WORK TO BE COMPLETED
Please output the listing exactly as it stands, but omit any images.

DATA FOR ANALYSIS
########################################

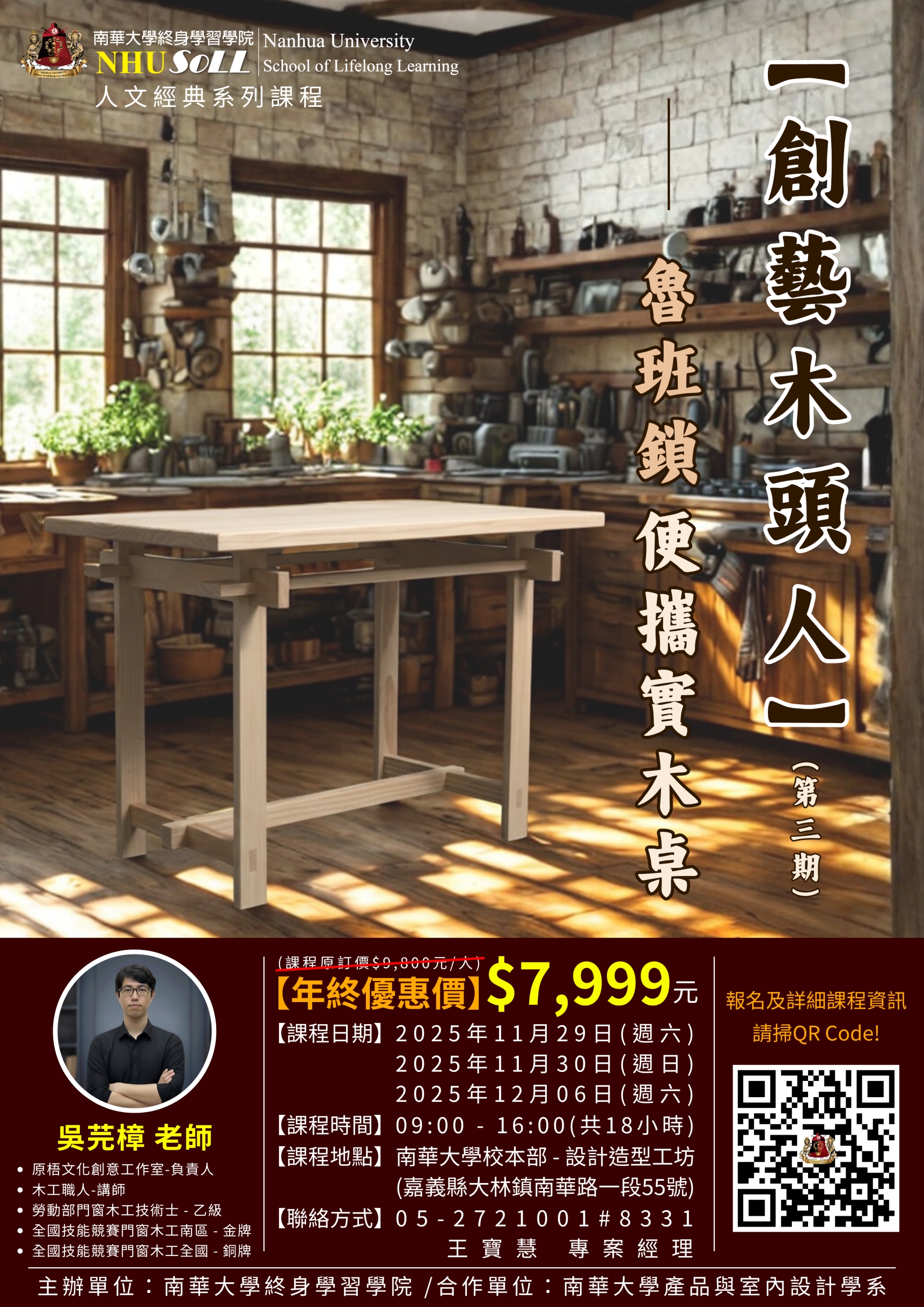 南華大學114年11-12月份開辦之【創藝木頭人】(第三期):魯班鎖便擕實木桌課程資訊,敬請惠予公告及鼓勵同仁踴躍報名參加
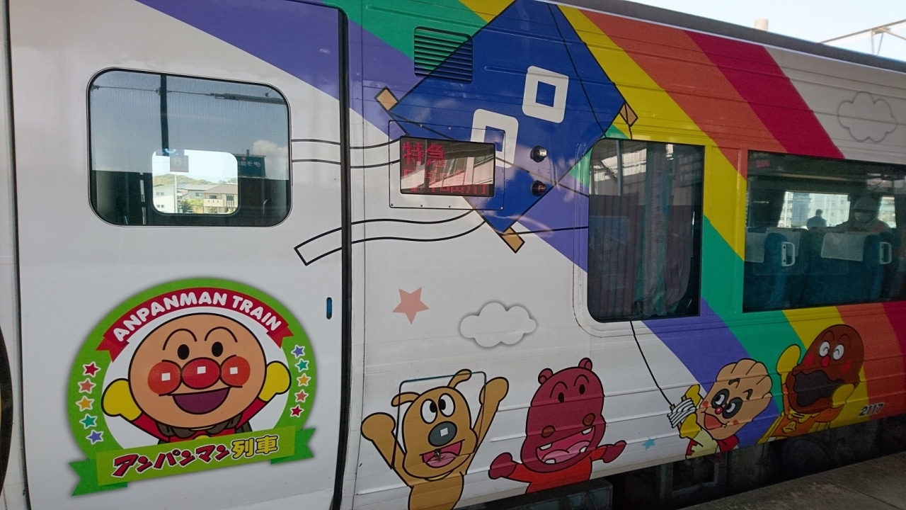 松山から八幡浜まで利用しました。松山駅での乗車は、改札入ってすぐの1番乗り場。偶然、アンパンマン列車にあたりました。車体一面と、車内の天井にアンパンマンのイラストが描かれ、車内のドア両サイドにアンパンマンの絵が張られていました。
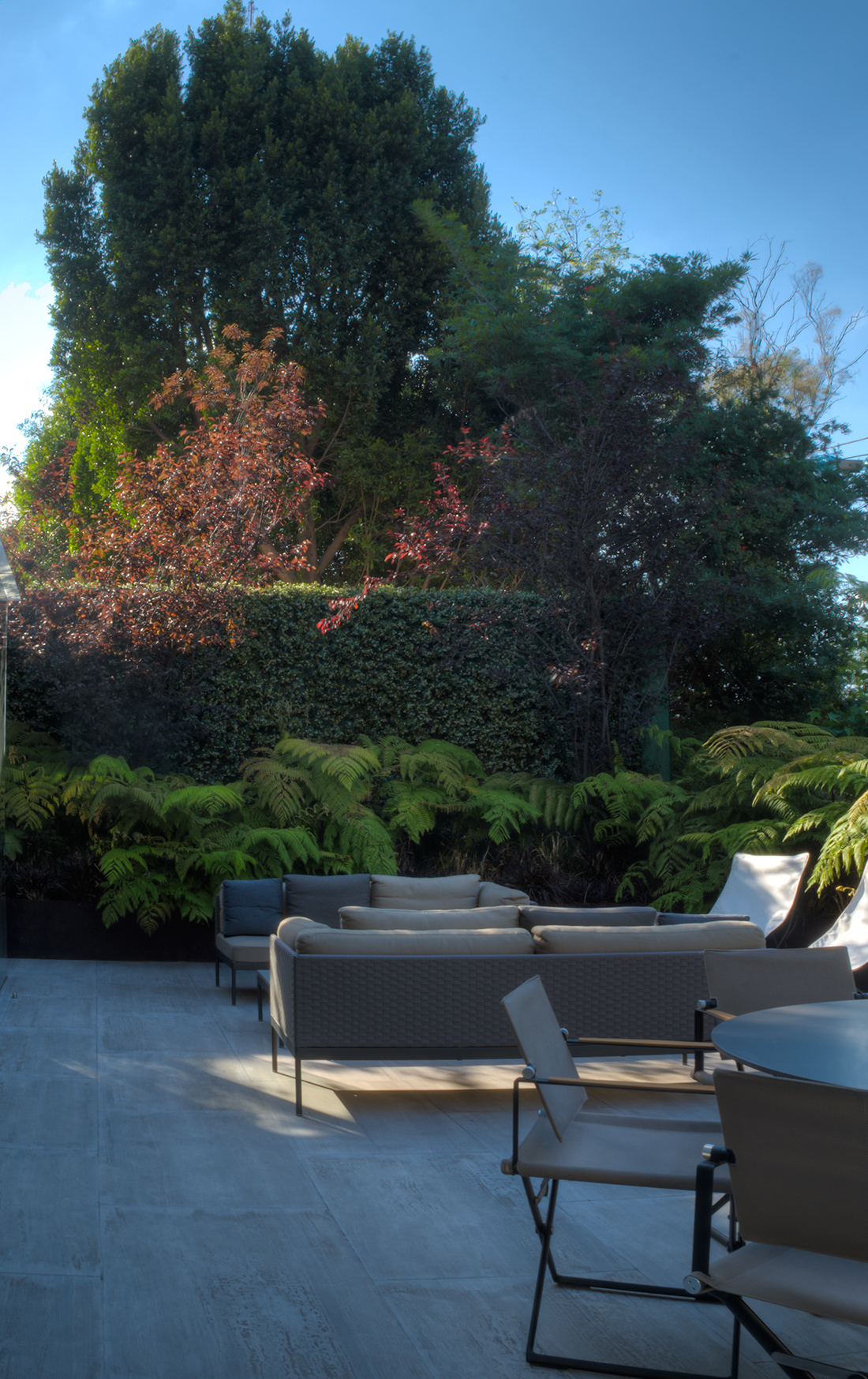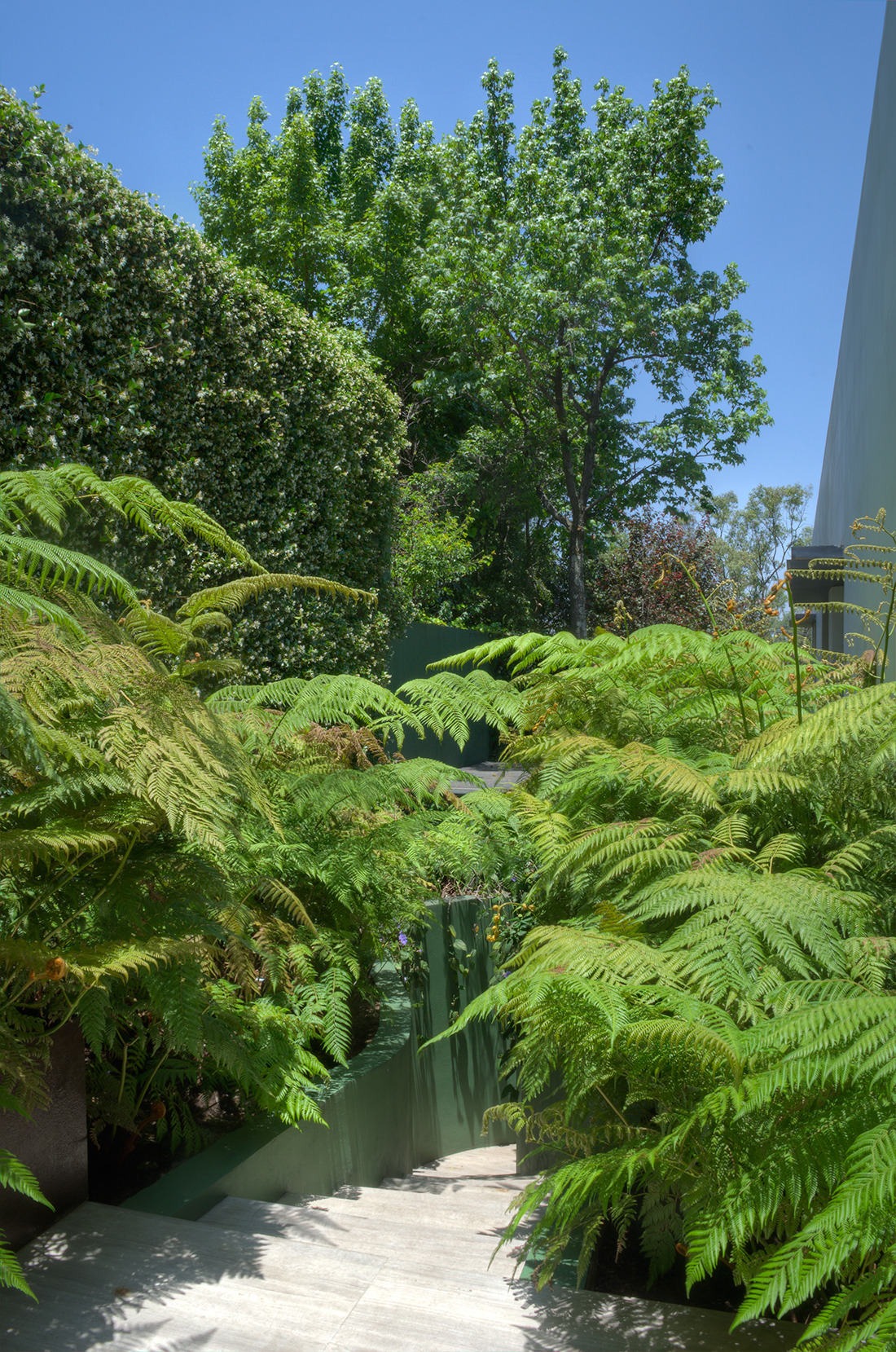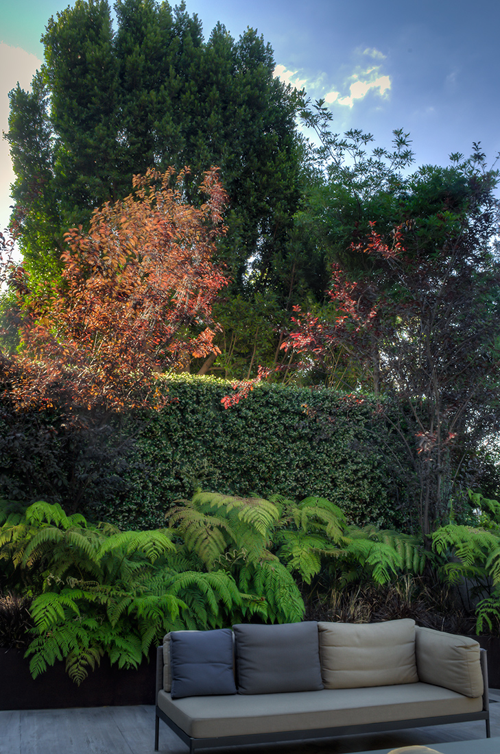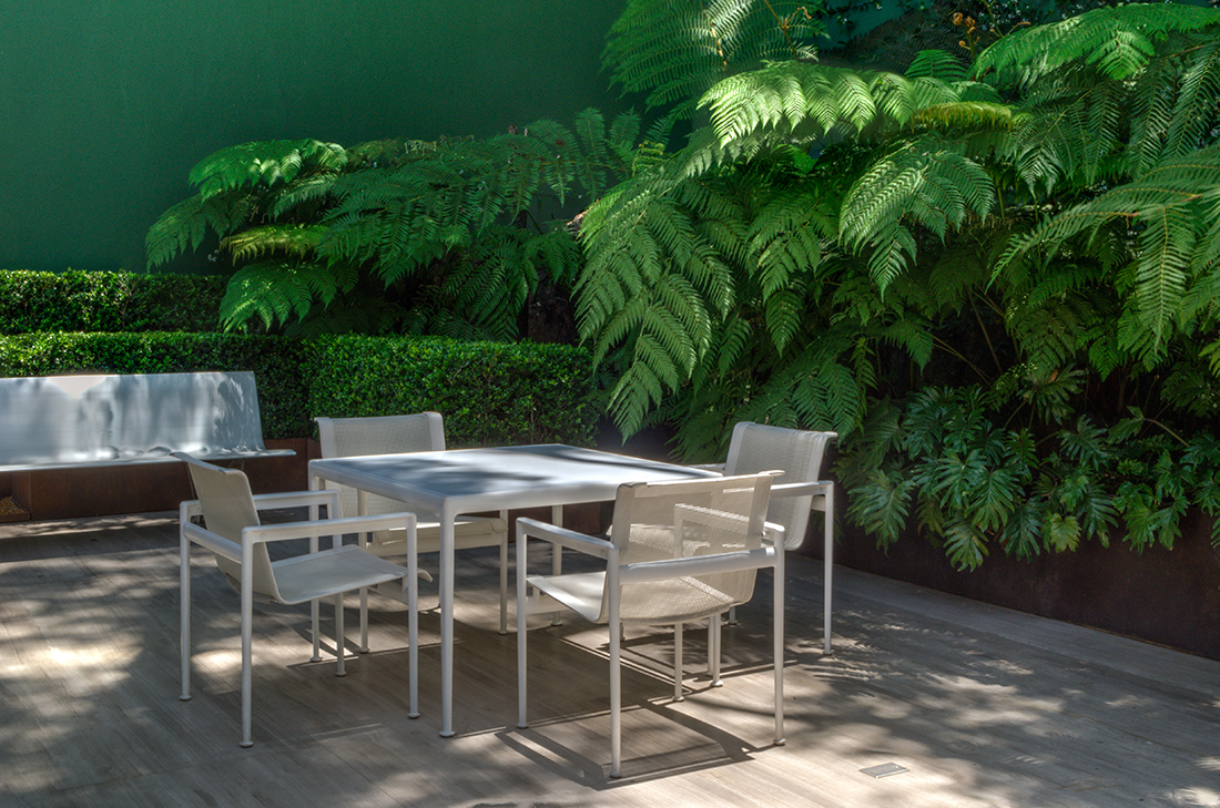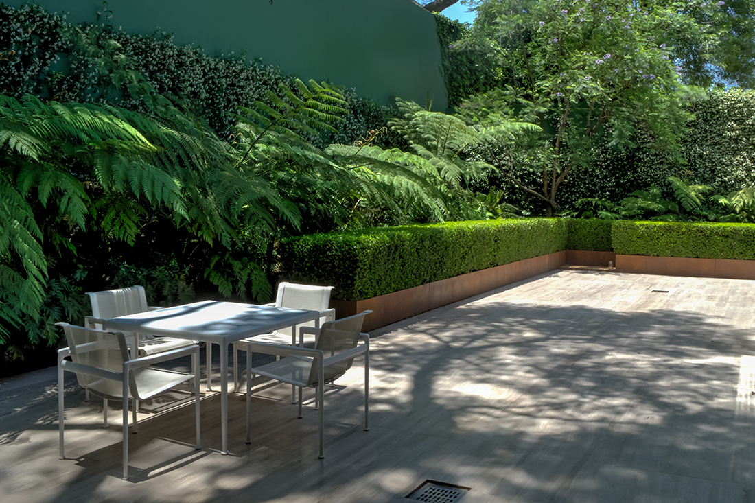 Las fotografías representan la forma en que el exterior e interior se conjuntan para crear una armonía visual. El contraste de la calidez de la iluminación interior y la arquitectura estática con el dinamismo y la vivacidad verde de las plantas.
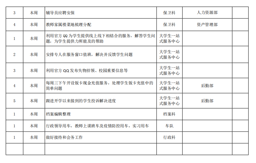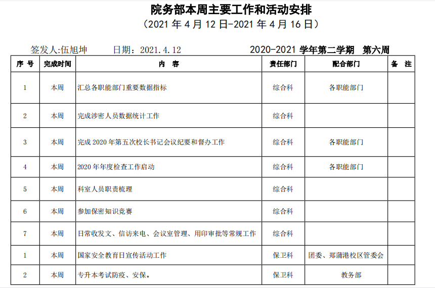 皖江工学院院务部第六周工作安排
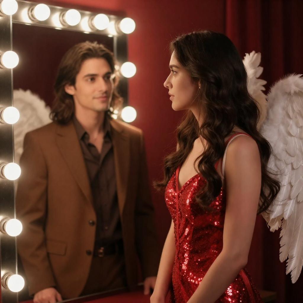 Photograph of a woman with long dark hair and angel wings, wearing a red sequined dress, standing to the right, looking at a man with long brown hair in a brown suit reflected in a mirror with round light bulbs. Red curtains in the background. Woman's face shows focus, man's face shows slight smile. Warm lighting.
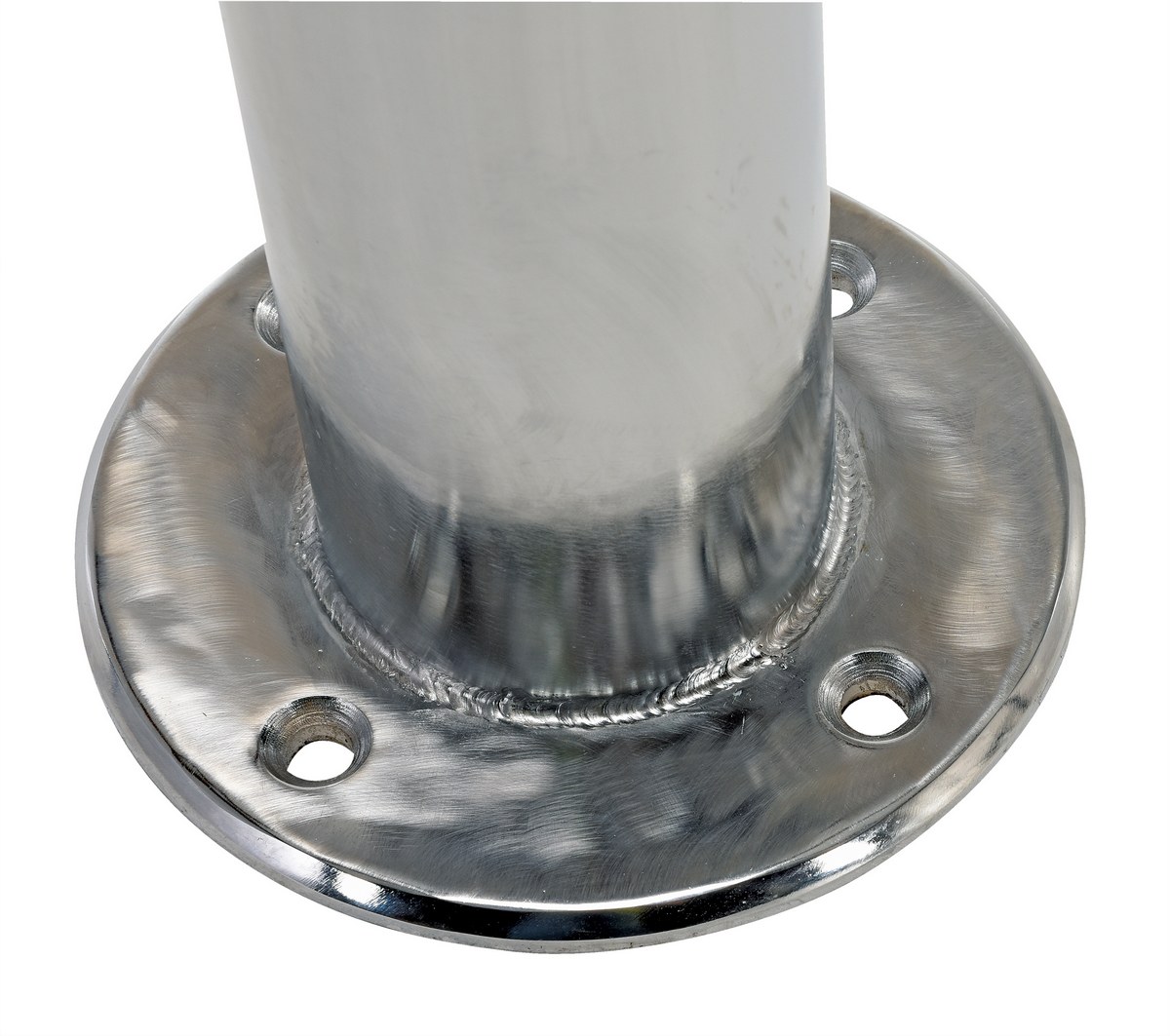 Improve the image of your facility while protecting people and equipment with this heavy-duty Chrome Bollard. Unit is made of steel and finished with an attractive bright chrome plating for a clean fresh look. Mounting hole diameter. is 1/2" x 4 holes Mounting plate outer diameter is 8" Mounting plate thickness is 3/8". Recommended for indoor use.

########################################

ANSWER SECTION
 南華大學114年11-12月份開辦之【創藝木頭人】(第三期):魯班鎖便擕實木桌課程資訊,敬請惠予公告及鼓勵同仁踴躍報名參加
 松山から八幡浜まで利用しました。松山駅での乗車は、改札入ってすぐの1番乗り場。偶然、アンパンマン列車にあたりました。車体一面と、車内の天井にアンパンマンのイラストが描かれ、車内のドア両サイドにアンパンマンの絵が張られていました。
 Las fotografías representan la forma en que el exterior e interior se conjuntan para crear una armonía visual. El contraste de la calidez de la iluminación interior y la arquitectura estática con el dinamismo y la vivacidad verde de las plantas.
 皖江工学院院务部第六周工作安排
 Photograph of a woman with long dark hair and angel wings, wearing a red sequined dress, standing to the right, looking at a man with long brown hair in a brown suit reflected in a mirror with round light bulbs. Red curtains in the background. Woman's face shows focus, man's face shows slight smile. Warm lighting.
 Improve the image of your facility while protecting people and equipment with this heavy-duty Chrome Bollard. Unit is made of steel and finished with an attractive bright chrome plating for a clean fresh look. Mounting hole diameter. is 1/2" x 4 holes Mounting plate outer diameter is 8" Mounting plate thickness is 3/8". Recommended for indoor use.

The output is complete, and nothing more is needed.